The word occurs in contexts associated with cunning and deceit. A designer is a cunning plotter laying his traps. Falling into the same category are other very significant words: in particular, mechanics and machine. The Greek mechos means a device designed to deceive—i.e. a trap—and the Trojan Horse is one example of this. Ulysses is called polymechanikos, which schoolchildren translate as “the crafty one.” The word mechos itself derives from the ancient MAGH, which we recognize in the German Macht and mögen, the English “might” and “may.” Consequently, a machine is a device designed to deceive; a lever, for example, cheats gravity, and “mechanics” is the trick of fooling heavy bodies.

Another word used in the same context is “technology.” The Greek techne means “art” and is related to tekton, a “carpenter.” The basic idea here is that wood (hyle in Greek) is a shapeless material to which the artist, the technician, gives form, thereby causing the form to appear in the first place. Plato’s basic objection to art and technology was that they betray and distort theoretically intelligible forms (“Ideas”) when they transfer these into the material world. For him, artists and technicians were traitors to Ideas and tricksters because they cunningly seduced people into perceiving distorted ideas.

The Latin equivalent of the Greek techne is ars, which in fact suggests a metaphor similar to the English rogue’s “sleight of hand.” The diminutive of ars is articulum—i.e. little art—and indicates that something is turned around the hand (as in the French tour de main). Hence ars means something like “agility” or the “ability to turn something to one’s advantage,” and artifex—i.e. “artist’—means a “trickster” above all. That the original artist was a conjurer can be seen from words such as “artifice,” “artificial” and even “artillery.” In German, an artist is of course one who is “able to do something,” the German word for art, Kunst, being the noun from können, “to be able” or “can,” but there again the word for “artificial,” gekünstelt, comes from the same root (as does the English “cunning”).

Such considerations in themselves constitute a sufficient explanation of why the word design occupies the position it does in contemporary discourse. The words design, machine, technology, ars and art are closely related to one another, one term being unthinkable without the others, and they all derive from the same existential view of the world. However, this internal connection has been denied for centuries (at least since the Renaissance). Modern bourgeois culture made a sharp division between the world of the arts and that of technology and machines; hence culture was split into two mutually exclusive branches: one scientific, quantifiable and “hard,” the other aesthetic, evaluative and “soft.” This unfortunate split started to become irreversible towards the end of the nineteenth century. In the gap, the word design formed a bridge between the two. It could do this since itis an expression of the internal connection between art and technology. Hence in contemporary life, design more or less indicates the site where art and technology (along with their respective evaluative and scientific ways of thinking) come together as equals, making a new form of culture possible.
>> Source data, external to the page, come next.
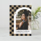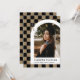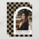 Le Modern À damiers Graduation Faire-part et Party Invitation est un moyen élégant et distinctif de célébrer les réalisations du diplômé dans votre vie. Avec son design contemporain et ses caractéristiques personnalisables, cet hôtel allie harmonieusement élégance et élégance, ce qui en fait le choix idéal pour commémorer cette occasion marquante. L'avant de la faire-part est ornée d'un arrière - plan brun et noir à damiers qui sert de toile de fond à une photo du diplômé. La photo est magnifiquement encadrée dans une arche blanche, mettant en valeur le portrait du diplômé avec sophistication. Sous l'arc, le nom et l'école du diplômé sont affichés en évidence, ajoutant une touche personnelle à la faire-part. Un petit plafond de graduation intelligemment intégré à l'arrière - plan à damiers signifie l'accomplissement du diplômé, avec leur année de graduation subtilement incorporée. Retournez la faire-part à l'arrière, où un motif assorti et amusant dans le teint doré et noir prépare le terrain pour l'invitation de la fête de remise de diplômes. Vous y trouverez tous les détails nécessaires pour participer à la célébration et honorer les réalisations du diplômé. Le design soigné et les éléments personnalisables font de ce faire-part un choix idéal pour les couples qui veulent partager leur joie et leur enthousiasme d'une manière moderne et unique. Célébrez les réalisations de votre diplômé dans votre vie avec le Moderne À damiers Graduation Faire-part et l'Invitation de la fête. Personnalisez, partagez et honorez leurs réalisations avec style et sens.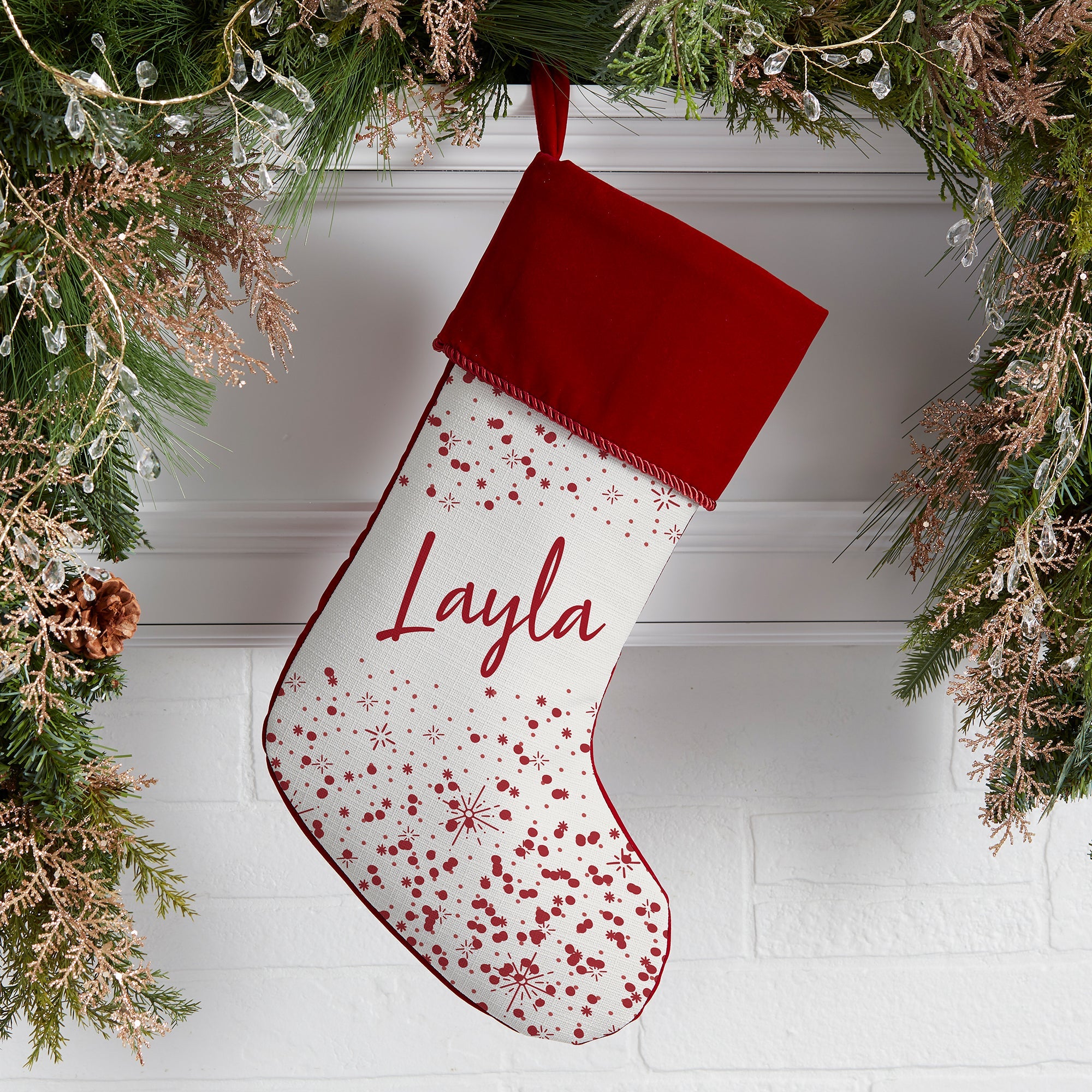 Add a joyful and festive addition to your holiday home this year and every year with our Starburst Name Personalized Christmas Stockings.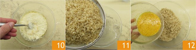 Also add the Parmesan cheese 10 and mix to combine. Drain the rice in a bowl 11 and let it cool for a few minutes, then add the egg mixture 12 and mix well.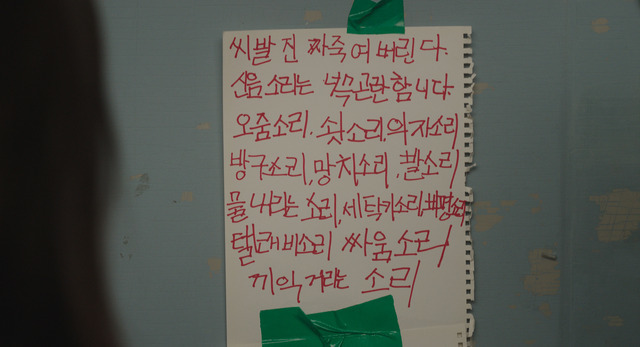 ただ別カットでは、赤いマジックで殴り書きされた張り紙が残されており、「ぶっ殺すぞ うめき声 椅子の音 足音」といった物騒なメッセージが多数羅列されている。明らかに険悪なムードが漂っており、異様さを感じ取れる。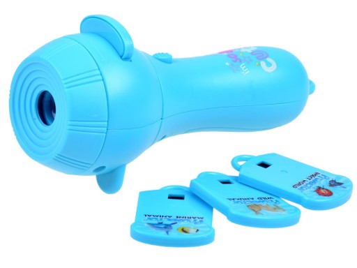 Zestaw zawiera: – latarka do wyświetlania slajdów – cztery obrazki z kolorowymi wizerunkami zwierząt typu: słoń, zebra, lew, skunks, sarenka, tygrys, biedronka, pszczółka, ślimak, rybki ect.)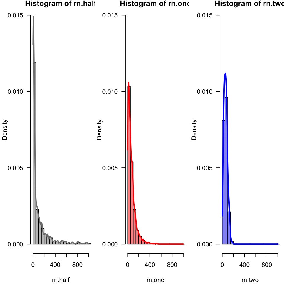 par(mfrow =c(1, 3), mar =c(4.1, 4.1, 0.8, 0.5))hist(rn.half, col =gray(0.5, alpha =0.5), freq =FALSE, breaks = (0:xmax)*50, ylim =c(0, 0.015), las =1, xlim =c(0, 1000))lines(density(rn.half, from =0, to =1000, bw =10), col =gray(0.5, alpha =1), lwd =2, ylim =c(0, 0.015))hist(rn.one, col =rgb(1, 0, 0, alpha =0.5), freq =FALSE, breaks = (0:xmax)*50, ylim =c(0, 0.015), las =1, xlim =c(0, 1000))lines(density(rn.one, from =0, to =1000, bw =10), col =rgb(1, 0, 0, alpha =1), lwd =2)hist(rn.two, col =rgb(0, 0, 1, alpha =0.5), freq =FALSE, breaks = (0:xmax)*50, ylim =c(0, 0.015), las =1, xlim =c(0, 1000))lines(density(rn.two, from =1, to =1000, bw =10), col =rgb(0, 0, 1, alpha =1), lwd =2)

Although this is a good explanation, it is not satisfactory on its own. After all, what links the terms mentioned above is that they all have connotations of (among other things) deception and trickery. The new form of culture which Design was to make possible would be [i.e.,] a culture that was aware of the fact that it was deceptive [i.e., designed]. So the question is: Who and what are we deceiving when we become involved with culture (with art, with technology—in short, with Design)? To take one example: The lever is a simple machine. Its design copies the human arm; it is an artificial arm. Its technology is probably as old as the species homo sapiens, perhaps even older. And this machine, this design, this art, this technology is intended to cheat gravity, to fool the laws of nature and, by means of deception, to escape our natural circumstances through the strategic exploitation of a law of nature. By means of the lever—despite our body weight—we ought to be able to raise ourselves up to touch the stars if we have to, and—thanks to the lever—if we are given the leverage, we might be able to lever the world out of its orbit. This is the design that is the basis of all culture: to deceive nature by means of technology, to replace what is natural with what is artificial and build a machine out of which there comes a god who is ourselves. In short: The design behind all culture has to be deceptive (artful?) enough to turn mere mammals conditioned by nature into free artists.

Archimedes' Lever

This is a great explanation, is it not? The word design has come to occupy the position it has in contemporary discourse through our awareness that [Thus?:] being a human being is a design against nature. Unfortunately, this explanation will not satisfy us. [No:] If in fact design increasingly becomes the centre of attention, with the question of Design replacing that of the Idea, we will find ourselves on uncertain ground. To take one example: Plastic pens are getting cheaper and cheaper and tend to be given away for nothing. The material they are made of has practically no value, and work (according to Marx, the source of all value) is accomplished thanks to smart technology by fully automatic machines. The only thing that gives plastic pens any value is their design, which is the reason that they write. This design represents a coming together of great ideas, which—being derived from art and science—have cross-fertilized and creatively complemented one another. Yet this is a design we don’t even notice, so such pens tend to be given away free—as advertising, for example. The great ideas behind them are treated with the same contempt as the material and work behind them.

How can we explain this devaluation of all values? By the fact that the word design makes us aware that all culture is trickery, that we are tricksters tricked, and that any involvement with culture is the same thing as self-deception. True, [+] once the barrier between art and technology had been broken down, a new perspective opened up within which one could create more and more perfect designs, escape one’s circumstances more and more, live more and more artistically (beautifully). But [-] the price we pay for this is the loss of truth and authenticity. In fact, the lever is about to lever all that is true and authentic out of our orbit and replace it mechanically with perfectly designed artefacts. And so all these artefacts become as valuable as plastic pens, become disposable gadgets. This becomes clear when we die, if not before. Because despite all the technological and artistic arrangements we make (despite hospital architecture and death-bed design), we do die, just as other mammals die. The word design has managed to retain its key position in everyday discourse because [i.e.,] we are starting (perhaps rightly) to lose faith in art and technology as sources of value. Because we are starting to wise up to the design behind them.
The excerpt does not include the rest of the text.